Dark web, dark deeds - report reveals reality of virtual illicit guns trade

Where do criminals obtain their firearms from? It’s a topic of much conjecture and debate, with the definitive answer mired by the fact that criminals are unlikely to reveal their sources of supply. While authorities constantly target the law-abiding firearm owner in an unsuccessful and misguided attempt to curb the illicit firearms market, a new report has found that the internet is being used as a virtual trading platform for criminals.

Behind the curtain: the illicit trade of firearms, explosives and ammunition on the dark web is the first study to examine the size and scope of the dark web in terms of illicit firearms trading. Described by the researchers as a section on the internet that is “not searchable by traditional search engines and hidden behind anonymity software”, the dark web has been identified as a potential “platform of choice for individuals (eg, lone-wolf terrorists) or small groups (eg, gangs) to obtain weapons and ammunition behind the anonymity curtain”.

Released in July 2017, the 148-page report, commissioned by the UK’s Economic and Social Research Council, made some startling revelations. It valued the dark web arms trade at around $US80,000 per month, with firearms accounting for nearly 90 per cent of all sales. It also traced buyers and sellers to Australia, with 11 Australian-based vendors identified as listing firearms for sale on dark web pages, selling and shipping around $1120 worth of illicit wares each month. Australia was also listed as a shipping destination for illicit firearms.

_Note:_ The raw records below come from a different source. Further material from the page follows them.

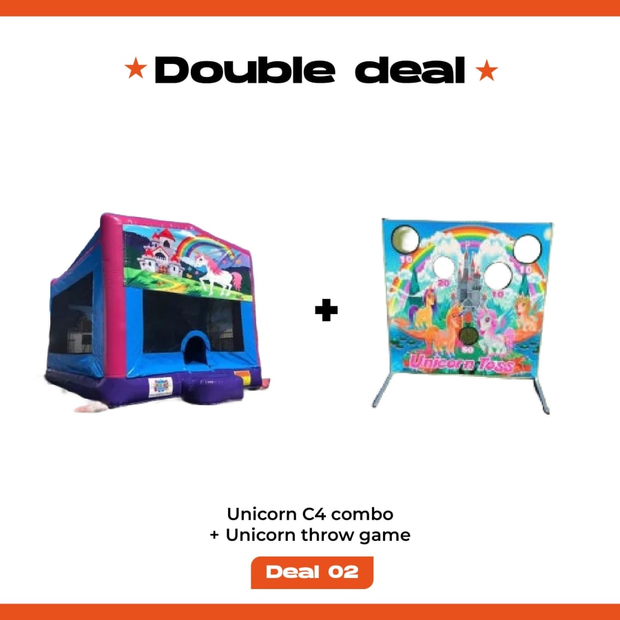 The Unicorn C4 features dreamy artwork, a bounce area, slide and basketball hoop, while the Unicorn Throw Game offers a fun challenge that fits the theme beautifully.
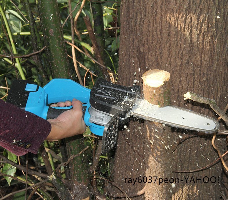 - 片手で軽快!21V 充電式 電気チェーンソー 電動チェーンソー 255mm バッテリ 充電器付 リチウム電池 園芸用 枝切り 枝打ち 伐採 薪作り
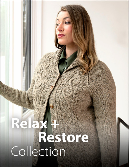 The cozy projects in the Relax + Restore Collection are just the things to snuggle into as the weather turns cool. From socks and accessories to sweaters and blankets, you will have no trouble finding projects to add to your must-knit list!
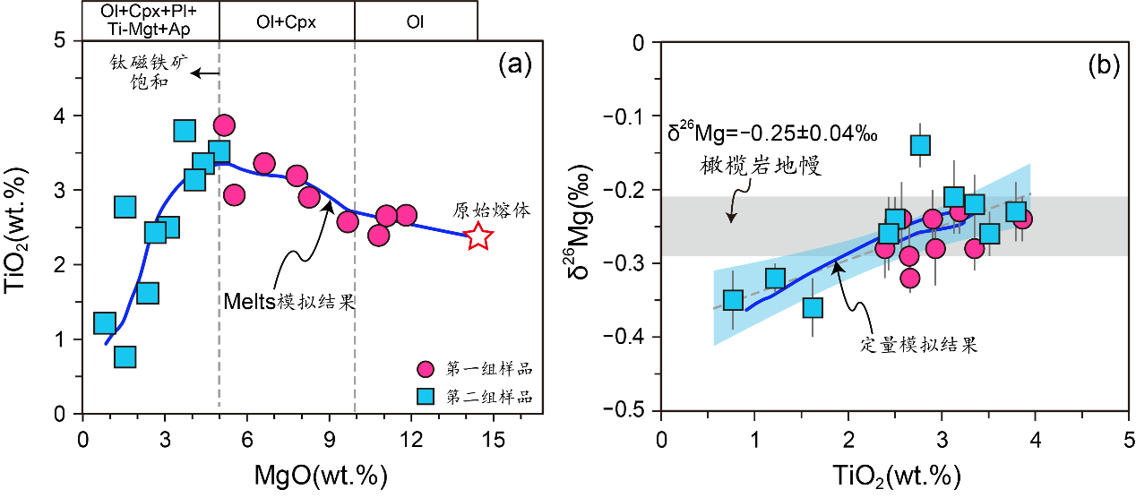对这些样品的斑晶开展的镁同位素分析发现,钛磁铁矿具有比橄榄石、单斜辉石和对应的全岩明显偏重的镁同位素组成(图2)。在玄武质岩浆结晶分异晚期,当这种氧化物大量从岩浆中分离之后,残余熔体的镁同位素组成会明显变轻(图1b)。
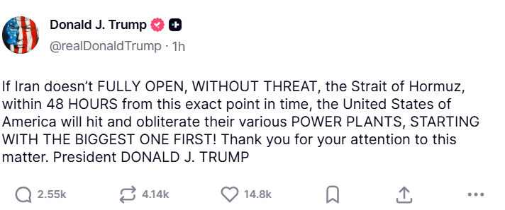 هدد الرئيس الأمريكي ترمب اليوم الأحد، بضرب جميع محطات الطاقة في إيران إذا لم تفتح مضيق هرمز خلال الـ48 ساعة القادمة وبدون تشكيل أي تهديد.
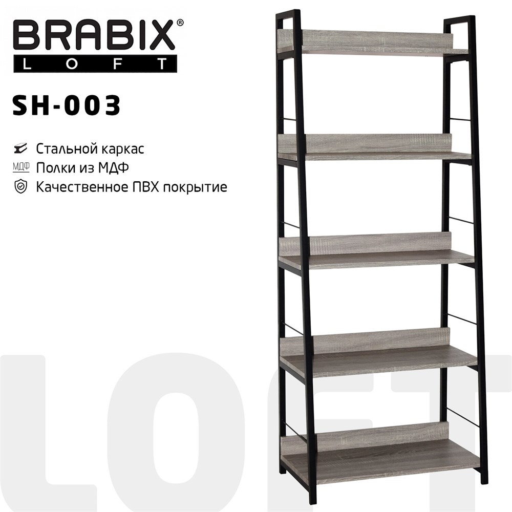 Лёгкая сборка, функциональность, лаконичный современный дизайн и компактный размер по разумной цене - это безусловные преимущества стеллажа BRABIX LOFT SH-003.
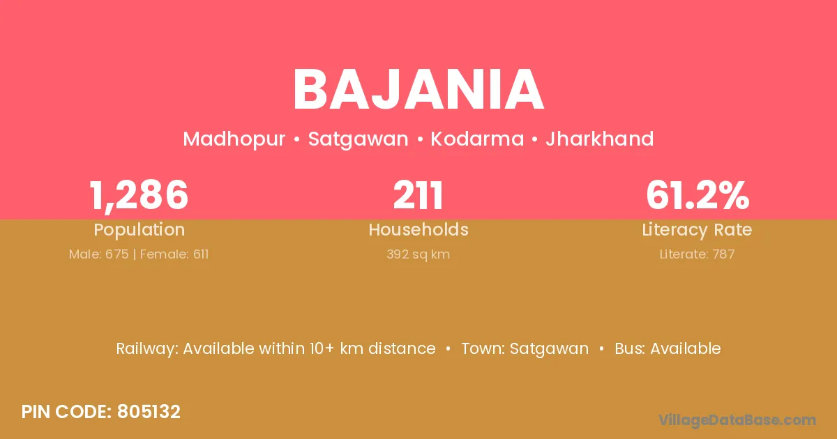 Bajania village has a total population of 1,286 people, of which 675 are males and 611 are females.

Conducted by the independent not-for-profit research group RAND Europe and the University of Manchester, the study also found that 60 per cent of firearms for sale on the dark web are sourced from the United States. Criminal customers in Europe were found to be the main purchasers of illicit firearms, accounting for 25 per cent of tracked sales, at prices around five times those of other customers. The lone-wolf attacker in Munich, Germany, in 2016, where nine people were killed and 36 others injured, used a pistol purchased on the dark web.

The study collected data between September 19 and 25, 2016, from 12 ‘cryptomarkets’, a section on the dark web that “brings together multiple sellers managed by marketplace administrators.” Of 167,693 listings, 811 were selling arms-related products. Forty-two per cent of the 811 listings were firearms; 27 per cent were arms-related digital products (such as banned how-to guides on homemade explosives); and other items, including ammunition, were noted in 22 per cent of listings. Pistols were the most commonly listed firearm (84 per cent), followed by rifles (10 per cent) and sub-machine guns (6 per cent).

The report also offered insight into how firearms have been shipped to avoid detection, citing “consumer electronics castings such as printers or TV sets, or in a music instrument case with a false hard bottom”. One vendor was even offering to ship firearms with illicit drugs at a discounted shipping rate. Distance or location did not appear to be an issue, highlighting the global nature of the dark web illicit arms trade.

Lead report author Giacomo Persi Paoli described the dark web as “an enabler for the trade of illegal weapons already on the black market”. “The ability to not only arm criminals and terrorists, who can make virtually anonymous purchases, but also vulnerable and fixated individuals is perhaps the most dangerous aspect,” he said.

Co-author Judith Aldridge, from the University of Manchester, noted how “anyone can connect to the dark web and within minutes have access to a variety of vendors offering their products”. “This veil of anonymity, combined with the relative ease of access, makes the dark web an attractive option for a wide range of sellers,” she said.

The SSAA has previously outlined the challenges for government and law enforcement to police the illegal sales of firearms and weapons on the dark web. The Australian Criminal Intelligence Commission identified the emerging threat posed by illicit firearms sourced via the dark net in its recent annual reports, while media outlets have also investigated the availability of handguns on dark web platforms.

This new report sheds more light on the need for authorities to further address the trafficking of illicit firearms via the dark web. Pointing to its previous studies into illicit drugs, RAND researchers recommended a similar approach for dark web firearms trading: traditional investigation techniques, postal detection and interception, online detection and monitoring plus online disruption.

Mr Persi Paoli offered the following advice for enforcers: “If properly implemented, all measures designed to tackle illegal arms trafficking in the real world may reduce the availability of illegal weapons to be traded.” The dark web is the new reality for law enforcement.